[[ Input open ]]
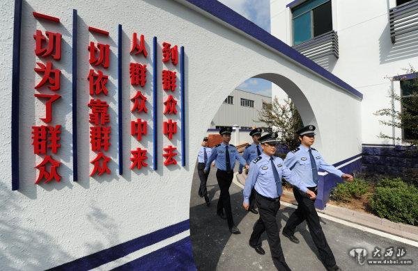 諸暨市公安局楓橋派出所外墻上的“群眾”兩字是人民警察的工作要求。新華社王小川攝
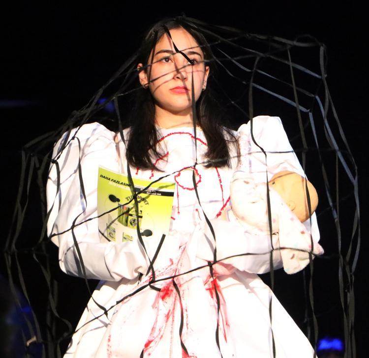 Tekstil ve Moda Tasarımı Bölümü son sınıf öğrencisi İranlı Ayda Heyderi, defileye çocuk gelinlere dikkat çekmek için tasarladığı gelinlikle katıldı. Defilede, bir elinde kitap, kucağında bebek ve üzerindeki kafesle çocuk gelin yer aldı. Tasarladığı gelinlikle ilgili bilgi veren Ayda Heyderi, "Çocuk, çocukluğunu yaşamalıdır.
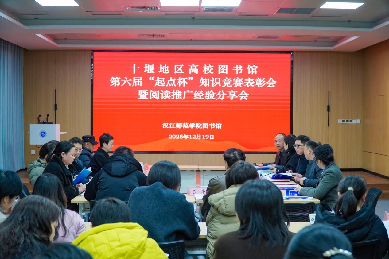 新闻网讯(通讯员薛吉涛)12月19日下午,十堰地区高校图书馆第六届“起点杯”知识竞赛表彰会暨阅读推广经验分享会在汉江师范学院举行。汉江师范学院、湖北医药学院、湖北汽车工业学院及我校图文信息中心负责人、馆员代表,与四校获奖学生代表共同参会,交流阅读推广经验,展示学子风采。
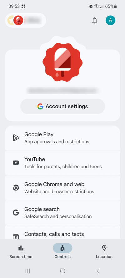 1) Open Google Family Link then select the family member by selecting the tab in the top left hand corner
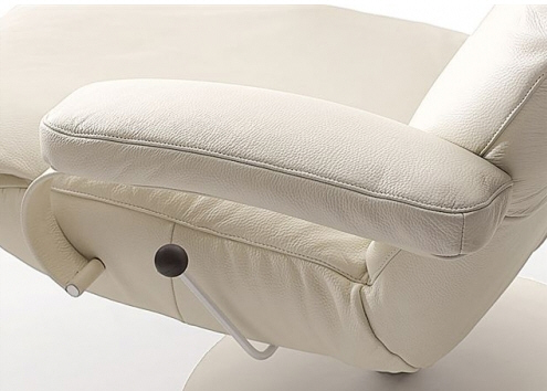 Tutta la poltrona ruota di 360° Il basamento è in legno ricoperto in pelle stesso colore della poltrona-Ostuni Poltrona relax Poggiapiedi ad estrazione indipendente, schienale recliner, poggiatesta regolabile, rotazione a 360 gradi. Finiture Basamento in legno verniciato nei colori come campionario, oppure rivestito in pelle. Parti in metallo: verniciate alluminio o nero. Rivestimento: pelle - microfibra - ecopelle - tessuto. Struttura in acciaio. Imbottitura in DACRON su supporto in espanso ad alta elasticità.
[[ Input closed ]]
[[ Input open ]]
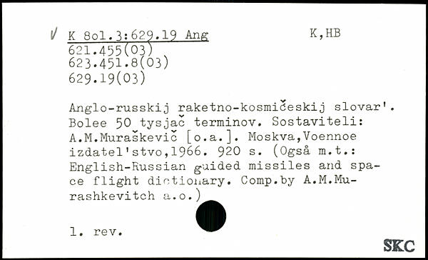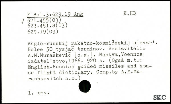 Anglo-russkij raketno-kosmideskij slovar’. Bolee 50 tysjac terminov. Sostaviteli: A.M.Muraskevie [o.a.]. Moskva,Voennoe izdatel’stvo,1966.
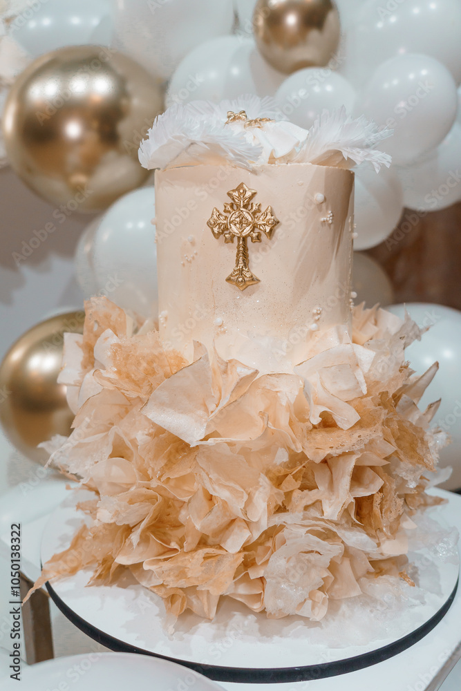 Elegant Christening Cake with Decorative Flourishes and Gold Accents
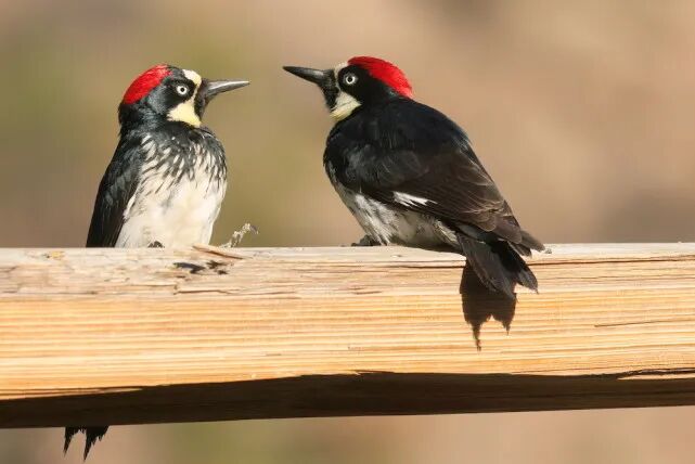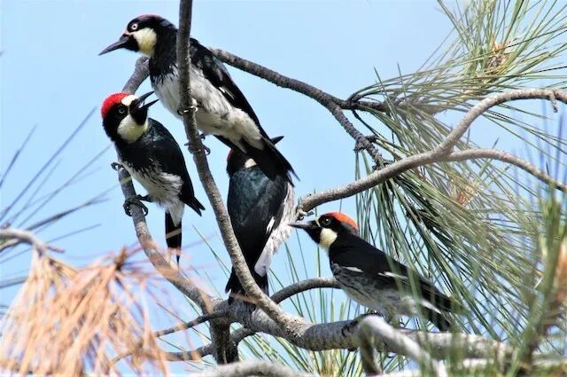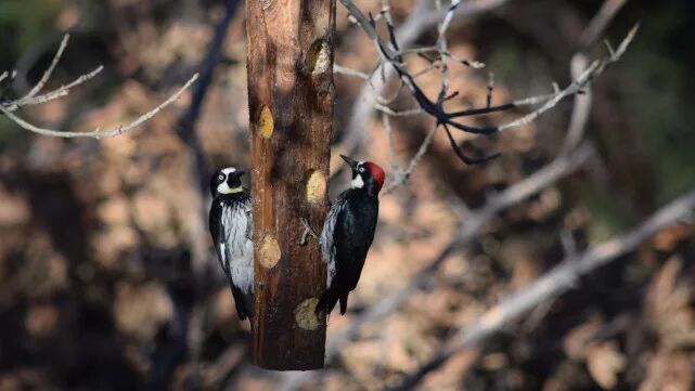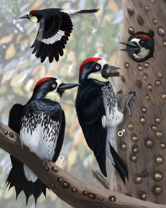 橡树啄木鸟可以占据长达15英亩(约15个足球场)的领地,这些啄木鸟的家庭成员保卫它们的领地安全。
[[ Input closed ]]
Using the listing above, restate exactly the range between the lines holding "Anglo-russkij raketno-kosmideskij slovar’." and "橡树啄木鸟可以占据长达15英", inclusive, with pictures left out.

— Response to this task —
 Anglo-russkij raketno-kosmideskij slovar’. Bolee 50 tysjac terminov. Sostaviteli: A.M.Muraskevie [o.a.]. Moskva,Voennoe izdatel’stvo,1966.
 Elegant Christening Cake with Decorative Flourishes and Gold Accents
 橡树啄木鸟可以占据长达15英亩(约15个足球场)的领地,这些啄木鸟的家庭成员保卫它们的领地安全。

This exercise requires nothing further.